Novo Nordisk A/S aims to propose a Board of Directors consisting of persons who have such knowledge and experience that the collective Board of Directors in the best possible way can attend to the interests of the Company and the shareholders, with due respect to other stakeholders of the Company.
The process of identifying and selecting suitable candidates for the Board of Directors, takes into account the required competences, the result of the Board of Directors’ self-assessment process and the need for integration of new expertise and diversity.
In 2013 the Board of Directors established a Nomination Committee in order to enhance the process for nominating members to the Board. The Nomination Committee has four members elected by the Board from among its members. The Nomination Committee assists the Board with oversight of a) the competence profile and composition of the Board, b) nomination of members of the Board, c) nomination of members of Board committees, and d) other tasks.
In nominating candidates, the Nomination Committee seeks to achieve a balance between renewal and continuity. The Board of Directors actively contributes to developing the Company as a global pharmaceutical company, and supervises the management’s decisions and operations.
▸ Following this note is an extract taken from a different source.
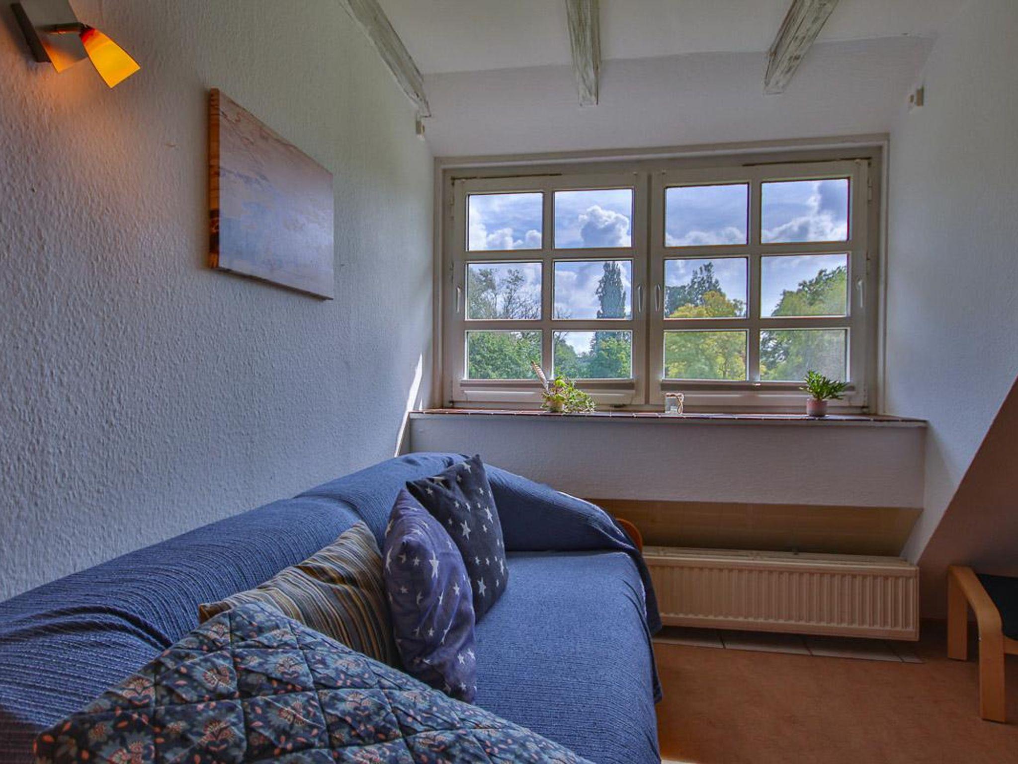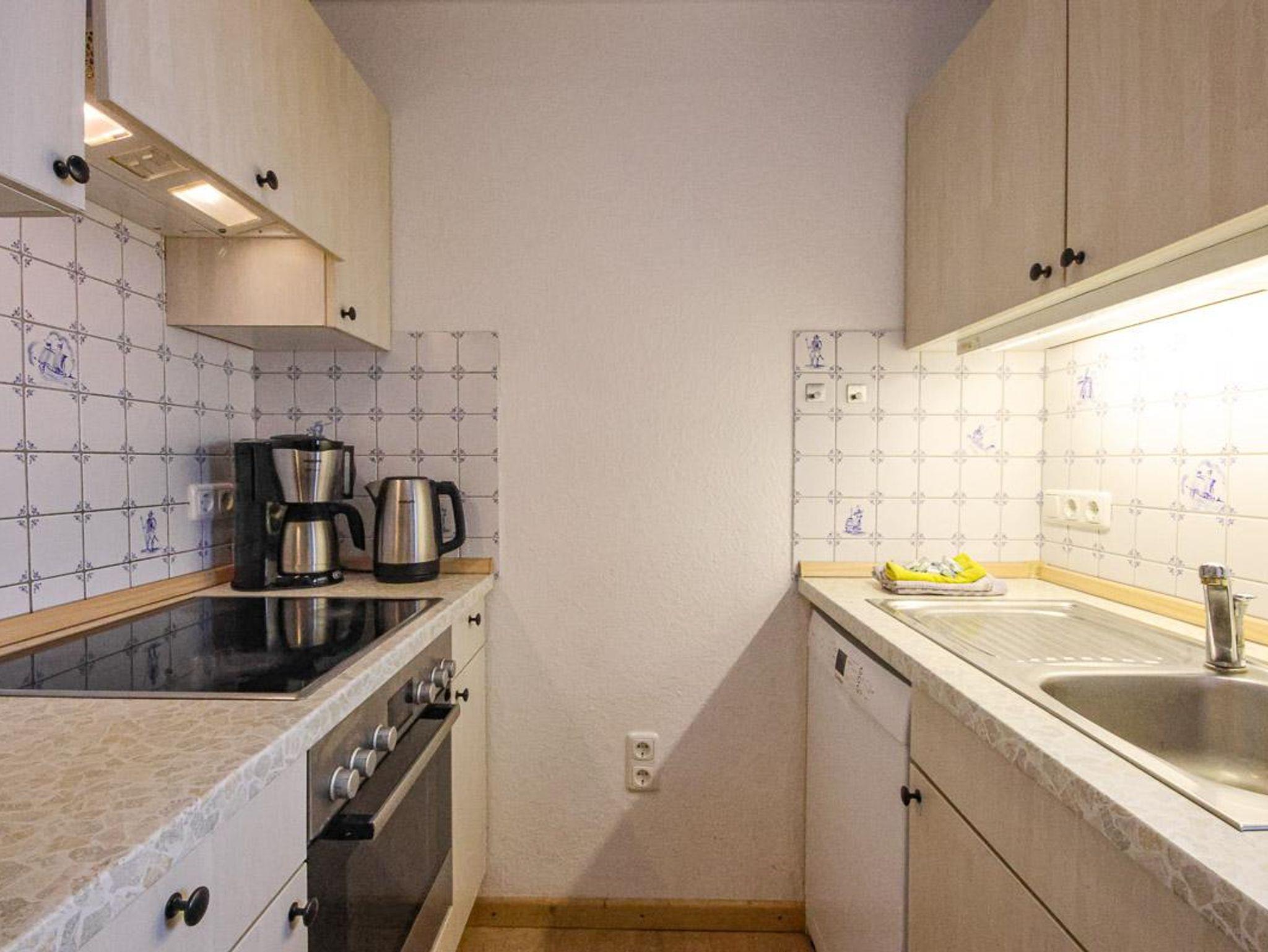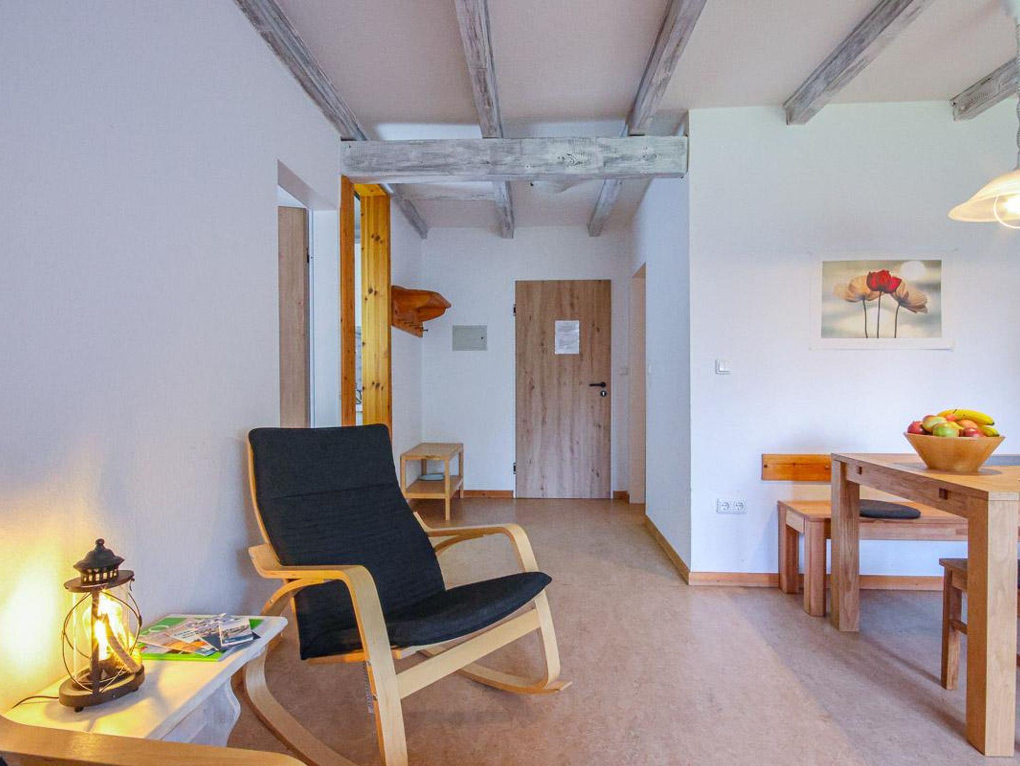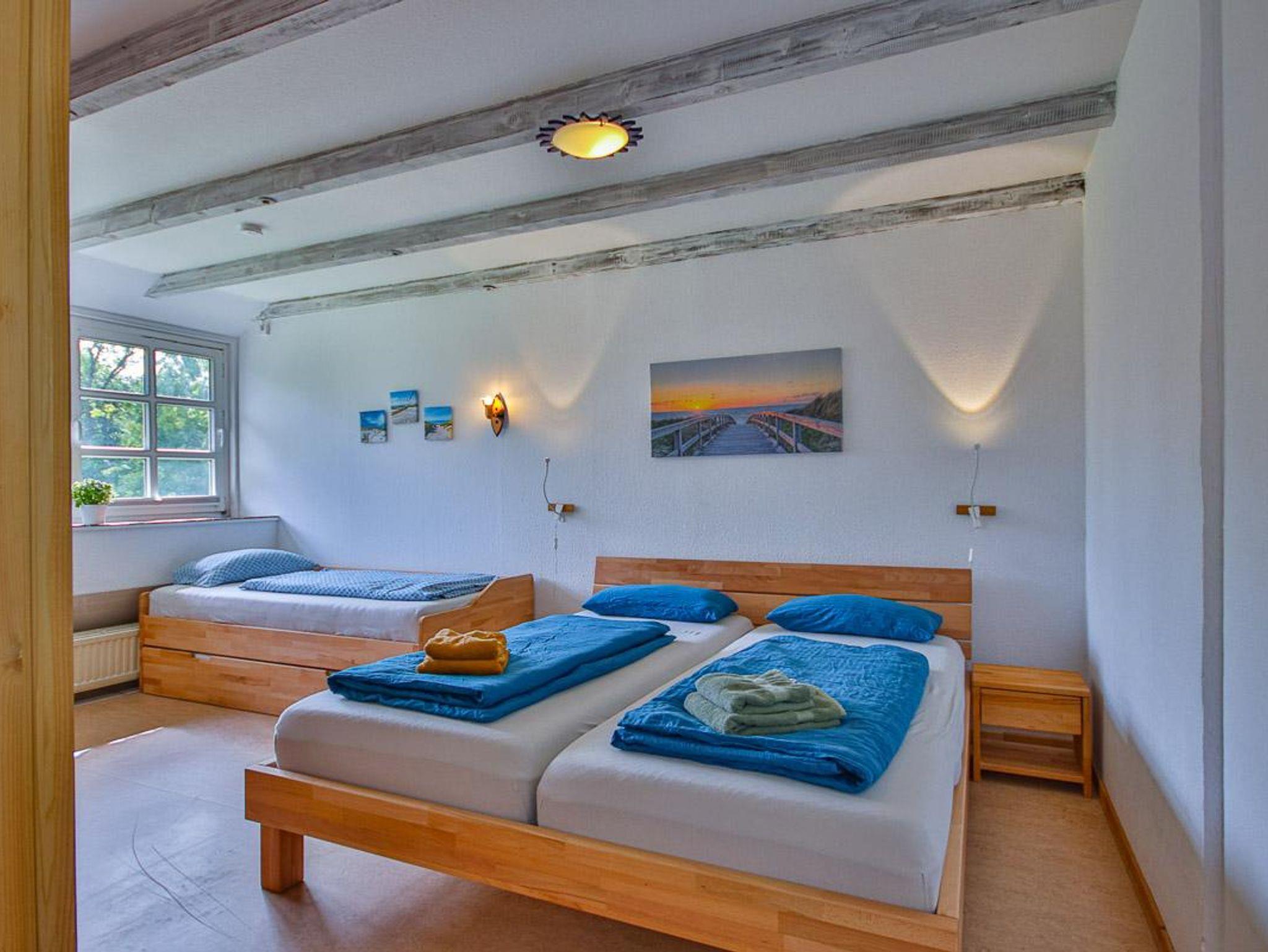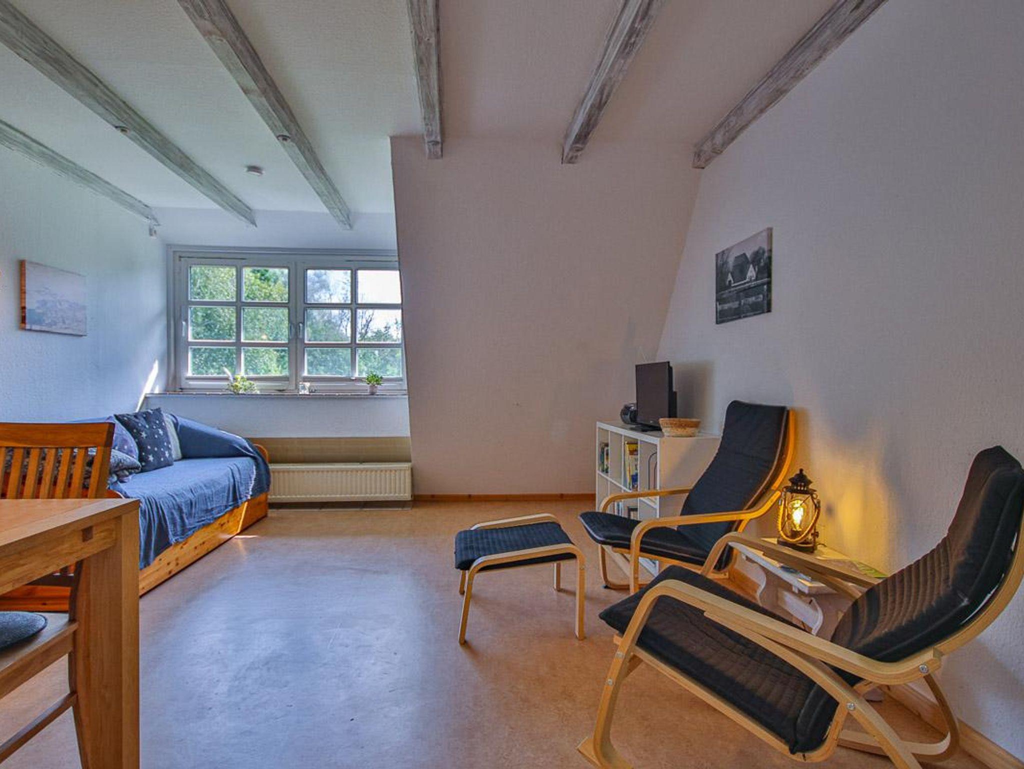 Wohnung im 1. Obergeschoss mit ca. 56 m² und Gartenblick. Geeignet für 4 Personen. Hunde sind in dieser Wohnung nicht erlaubt! Die Nichtraucher-Ferienwohnung ist ausgestattet mit SAT-TV, W-LAN auf Wunsch, Küchenzeile mit 4-Platten-Herd und Backofen, Geschirrspüler, Kühlschrank mit Gefrierfach, Kaffeemaschine, Toaster und Wasserkocher. Badezimmer mit Dusche, WC und Waschbecken. Im separaten Schlafzimmer befinden sich ein Doppel- und ein Einzelbett. Im Wohnraum kann die Couch zusätzlich als Schlafmöglichkeit verwendet werden. Kinderbett und Hochstuhl sind vorhanden.

It is the assessment of the Board of Directors that the proposed composition of the Board of Directors satisfies the criteria defined by the Board of Directors as regards the competences and composition of the Board of Directors.
The Board of Directors considers the size of the Board to be appropriate in relation to the requirements of the Company.
Please see the Company’s website: novonordisk.com under ‘About Novo Nordisk’ › ‘Corporate governance’ › ’Board of Directors’ for a more detailed description of the competence criteria of the Board of Directors.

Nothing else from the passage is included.